COMPOSITION DE LA COUR LORS DU DÉLIBÉRÉ :
Mme Isabelle Defarge, présidente de chambre,
Mme Delphine Duprat, conseillère,
Mme Audrey Gentilini, conseillère,
GREFFIER :
Mme Audrey Bachimont, greffière, lors des débats et du prononcé de la décision
DÉBATS :
A l'audience publique du 21 mars 2024, où l'affaire a été mise en délibéré au 25 avril 2024.
Les parties ont été avisées que l'arrêt sera prononcé par sa mise à disposition au greffe de la cour d'appel.
APPELANT :
INTIMÉ A TITRE INCIDENT :
Le Groupement d'Intérêt Economique CALDEO
pris en la personne de son représentant légal en exercice domicilié en cette qualité
[Adresse 2]
[Localité 3]
Représenté par Me Emmanuelle Vajou de la Selarl Lx Nîmes, avocate au barreau de Nîmes
INTIMÉE :
APPELANTE A TITRE INCIDENT :
La Sas ALYANSE Partenaires
prise en la personne de son représentant légal en exercice domicilié en cette qualité
[Adresse 5]
[Localité 4]
Représentée par Me Romain Floutier de la Scp Fontaine et Floutier Associés, postulant, avocat au barreau de Nîmes
Représentée par Me Anne-Florence Raducault de l'Aarpi Bird & Bird Aarpi, plaidante, avocate au barreau de Lyon
ARRÊT :
Arrêt contradictoire, prononcé publiquement et signé par Mme Isabelle Defarge, présidente de chambre, le 25 avril 2024, par mise à disposition au greffe de la cour
EXPOSÉ DES FAITS ET DE LA PROCÉDURE
La Sci L'Olivier est propriétaire d'un immeuble situé à [Localité 3] (26), [Adresse 1] donné à bail à trois sociétés, la société Cadra, la société PMP Consulting et la Sas Alyanse Partenaires, dont les dirigeants sont également ses associés.
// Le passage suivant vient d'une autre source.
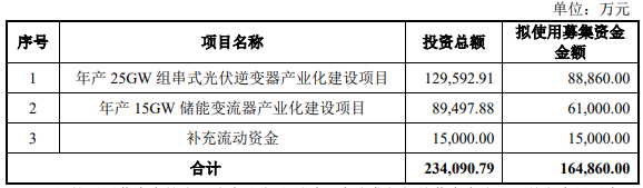 上能电气于9月23日发布的《2023年度向特定对象发行股票募集说明书(修订稿)》显示,本次发行拟募集资金总额不超过164,860.00万元(含本数),在扣除相关发行费用后的募集资金净额将全部用于以下项目:年产25GW组串式光伏逆变器产业化建设项目、年产15GW储能变流器产业化建设项目、补充流动资金。
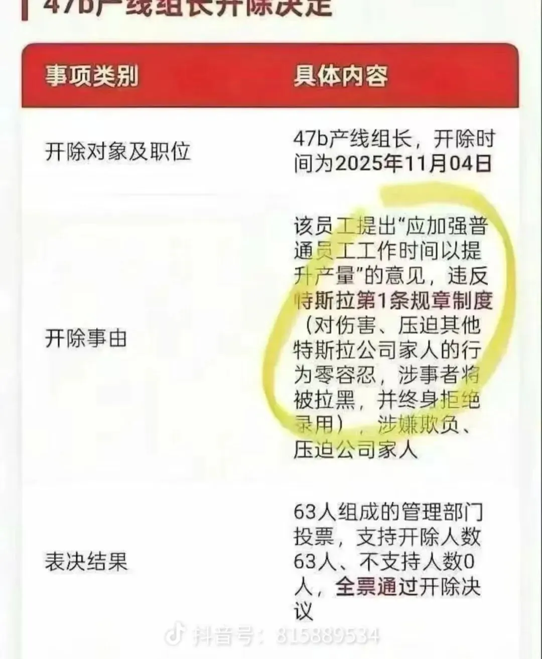 近期上海特斯拉一则开除决定公告引发了全网愤议,愤议不是特斯拉开除员工,而是该工厂一名产线组长提出“通过增加员工加班时长提升产能”的建议,被公司以违反员工行为准则的章程“禁止对同事造成身心压迫”为由开除,且通过63人组成的管理委员会全票通过该决定,明确终身不得回工厂工作。
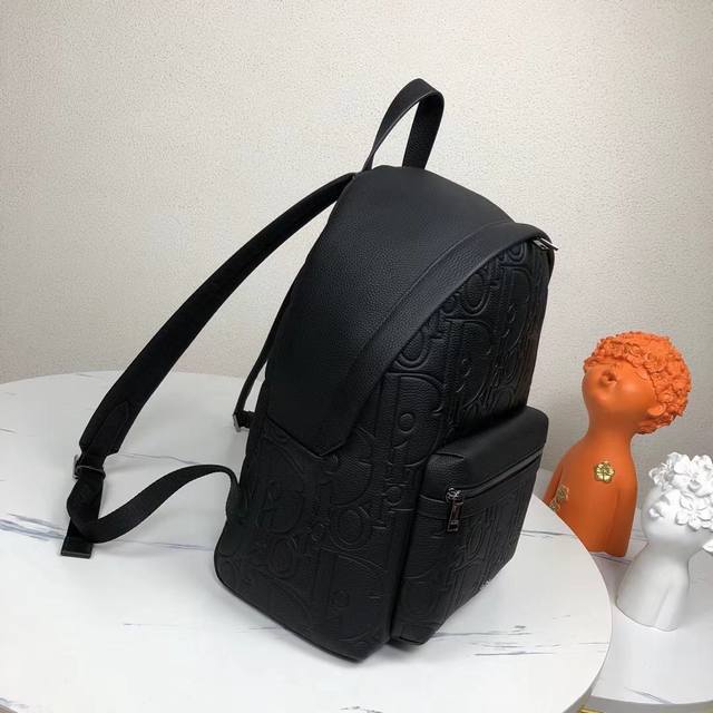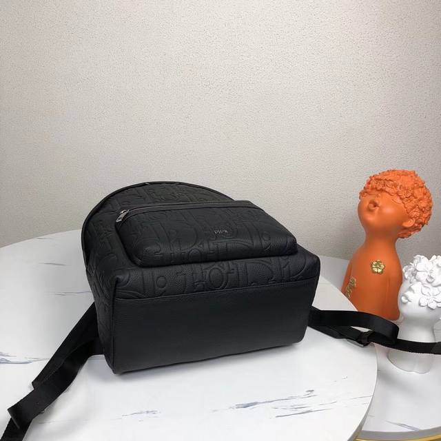这款 Rider 2.0 拉链双肩背包为 Dior 的经典单品推出全新版本。Dior Gravity 印花效果皮革采用压花工艺将经典图案精致地呈现于黑色牛皮革之上,正面饰以 Dior 标志,充分彰显 Dior 工坊的精湛工艺。双向拉链开合,搭配正面大号拉链口袋和可调节的加垫肩带,是日常生活的理想手袋。
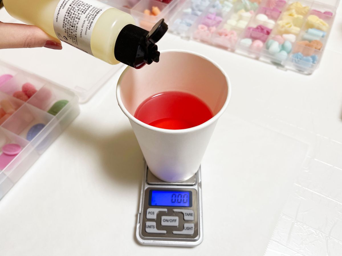 香りは計りながら加えていきます。実際のケーキ作りとは違って、多少オーバーしてもOKなので、不器用さんも安心!
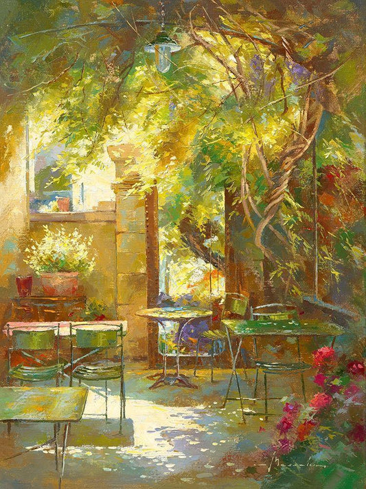 Terrasse - Le petit cafe White Modern Wood Framed Art Print with Double Matting by Messely, Johan
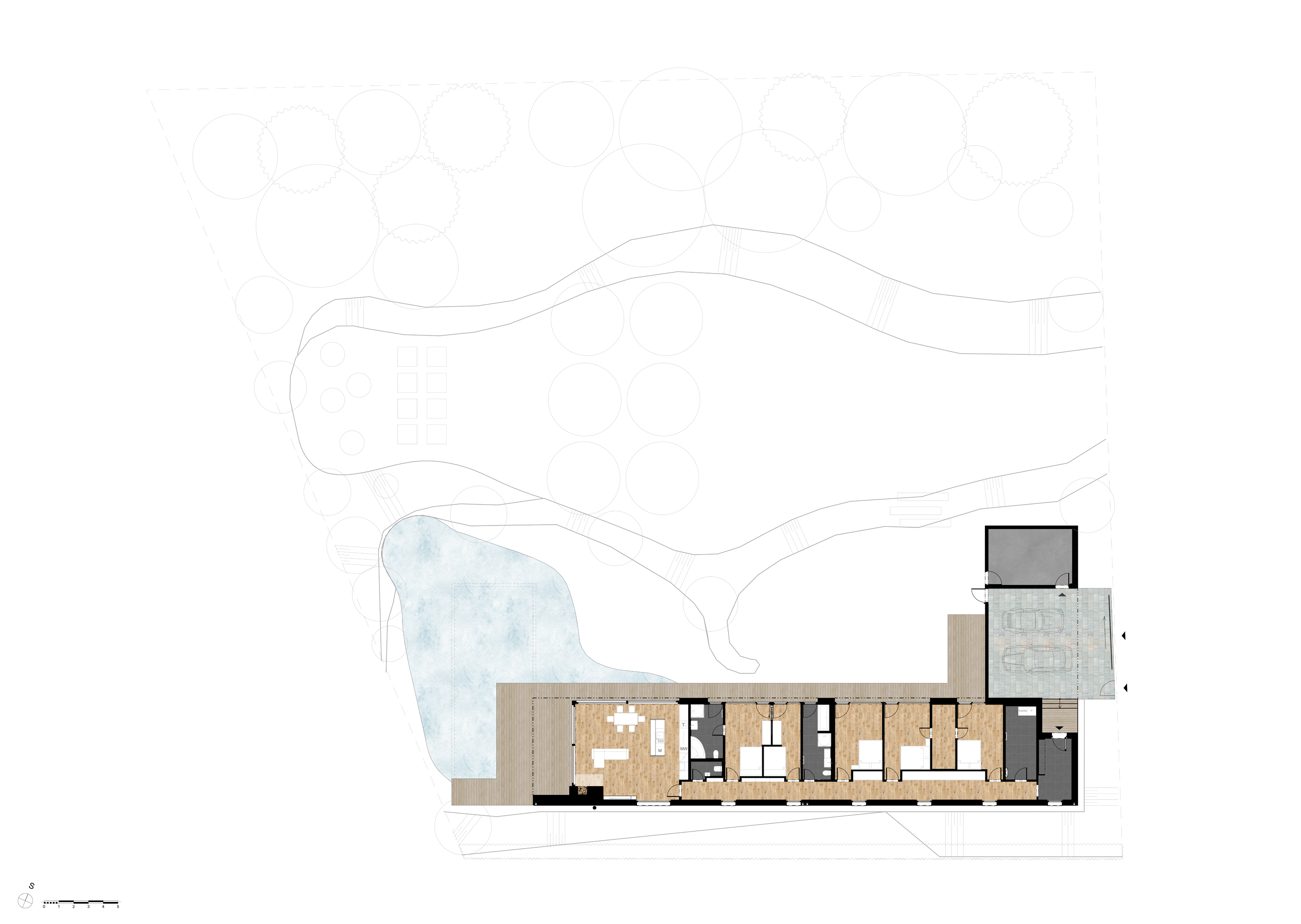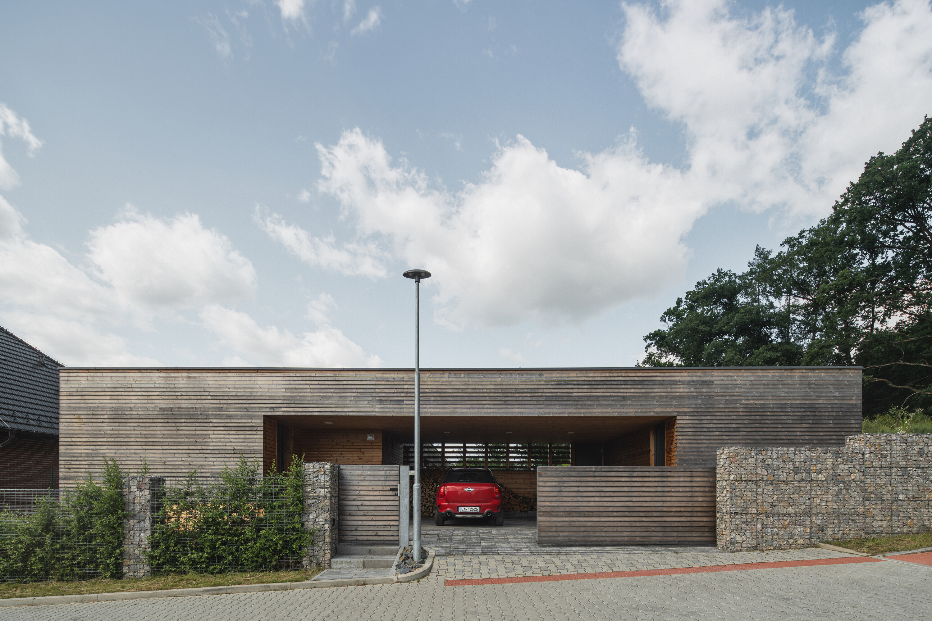 건물은 ㄱ자 배치로, 완만한 경사를 자연스럽게 흡수하며 구성된다. 도로 측에서는 낮고 폐쇄적인 인상을 주어 주변 마을과 조화를 이루고 사생활을 보호하지만, 내부로 들어서면 반대로 정원과 깊게 연결되는 열린 공간이 펼쳐진다. 경사지 위에 조성된 테라스형 정원은 숲으로 이어지며, 실내의 연장선처럼 작동한다.

Les sociétés locataires ont créé entre elles le 06 juillet 2015 le Gie Caldéo dont l'activité principale est de fournir à ses membres des moyens en personnel et en matériel destinés à faciliter l'exercice de leur profession et la gestion des frais liés à la jouissance et l'occupation de l'immeuble dans lequel est exercée leur activité économique.
Par délibération de l'assemblée générale du 12 mai 2020, la Sas Alyanse Partenaires a été exclue de ce Gie à compter du 30 juin 2021.
Elle a notifié à la Sci L'Olivier son congé pour l'occupation des locaux le 30 juillet 2020, à effet au 31 janvier 2021.
Par acte du 15 décembre 2020, le Gie lui a fait délivrer une sommation d'avoir à poursuivre le règlement des charges jusqu'au 30 juin 2021.
Elle a quitté les locaux le 05 février 2021.
Par acte en date du 18 juin 2021, le Gie Caldéo l'a assignée en paiement des cotisations impayées des mois de février à juin 2021 devant le tribunal judiciaire de Privas qui par jugement en date du 26 juillet 2022 :
- l'a condamnée à lui payer la somme de 371,04 euros à titre de provision,
- l'a déboutée de sa demande reconventionnelle,
- a dit n'y avoir lieu à condamnation au titre de l'article 700 du code de procédure civile,
- a condamné le Gie Caldéo aux dépens.
Le tribunal a retenu que la décision d'exclusion de la Sas Alyanse prévoyant une date de prise d'effet plus tardive que celle prévue aux statuts ne l'empêchait pas de renoncer à cette dérogation et d'avancer son départ, de sorte qu'il était contraire au principe de bonne foi contractuelle de vouloir la contraindre à rester membre du groupement au-delà du 05 février 2021, date de libération effective des lieux.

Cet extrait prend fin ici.